EXERCISE DESCRIPTION
For this exercise, retype the lines from the one that holds "O programa Jovem" through the one that holds "INSHOES LEATHER Δερμάτινες" in the records below, both included, exactly and without pictures.

[[ DATA IN THIS EXERCISE open ]]

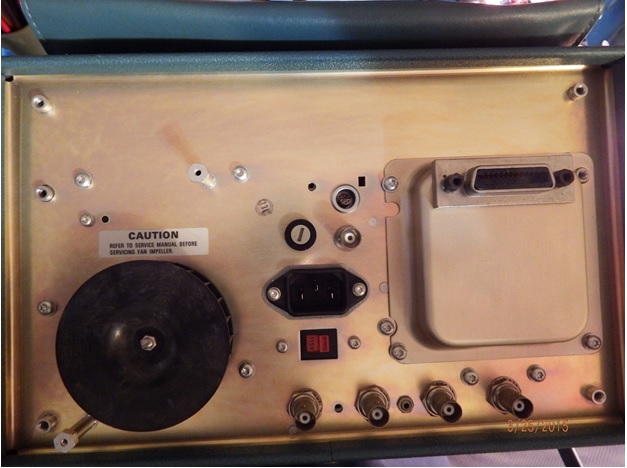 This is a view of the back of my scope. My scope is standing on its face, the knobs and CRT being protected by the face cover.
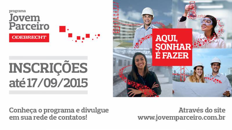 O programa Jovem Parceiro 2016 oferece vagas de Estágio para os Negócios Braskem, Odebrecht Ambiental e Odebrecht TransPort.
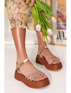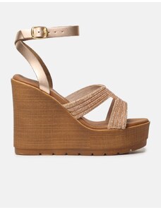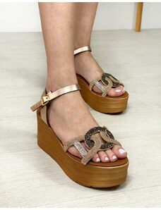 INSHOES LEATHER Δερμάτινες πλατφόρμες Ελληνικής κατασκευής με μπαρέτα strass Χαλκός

[[ DATA IN THIS EXERCISE closed ]]
[[ DATA IN THIS EXERCISE open ]]

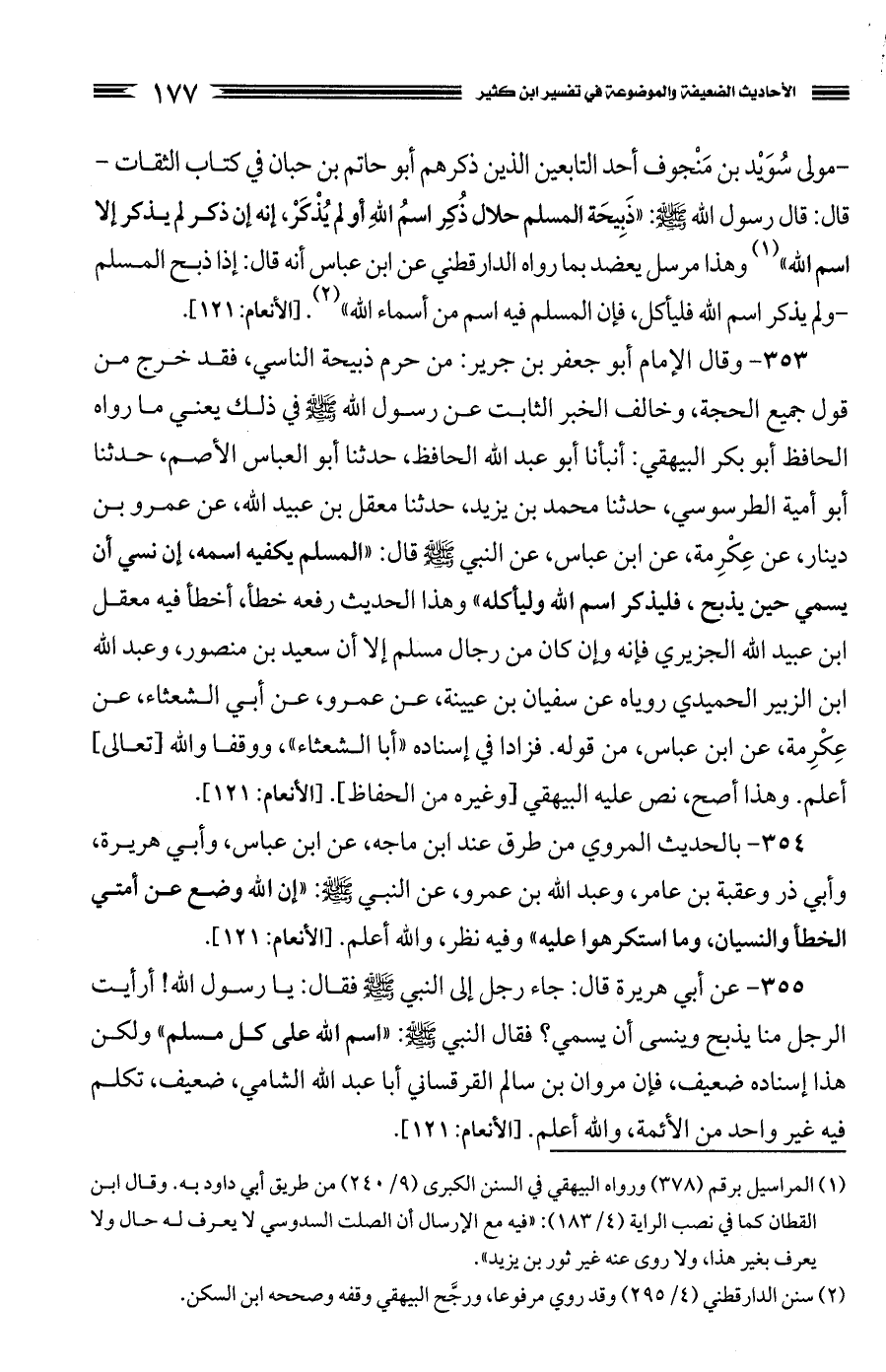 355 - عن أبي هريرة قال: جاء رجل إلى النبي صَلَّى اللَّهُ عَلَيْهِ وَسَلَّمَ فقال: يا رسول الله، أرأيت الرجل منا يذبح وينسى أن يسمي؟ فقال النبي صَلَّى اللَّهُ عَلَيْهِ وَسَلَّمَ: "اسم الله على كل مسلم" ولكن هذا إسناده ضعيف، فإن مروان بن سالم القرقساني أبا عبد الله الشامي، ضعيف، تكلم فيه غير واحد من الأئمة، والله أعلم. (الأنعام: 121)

[[ DATA IN THIS EXERCISE closed ]]

SOLVED PROBLEM
 O programa Jovem Parceiro 2016 oferece vagas de Estágio para os Negócios Braskem, Odebrecht Ambiental e Odebrecht TransPort.
 INSHOES LEATHER Δερμάτινες πλατφόρμες Ελληνικής κατασκευής με μπαρέτα strass Χαλκός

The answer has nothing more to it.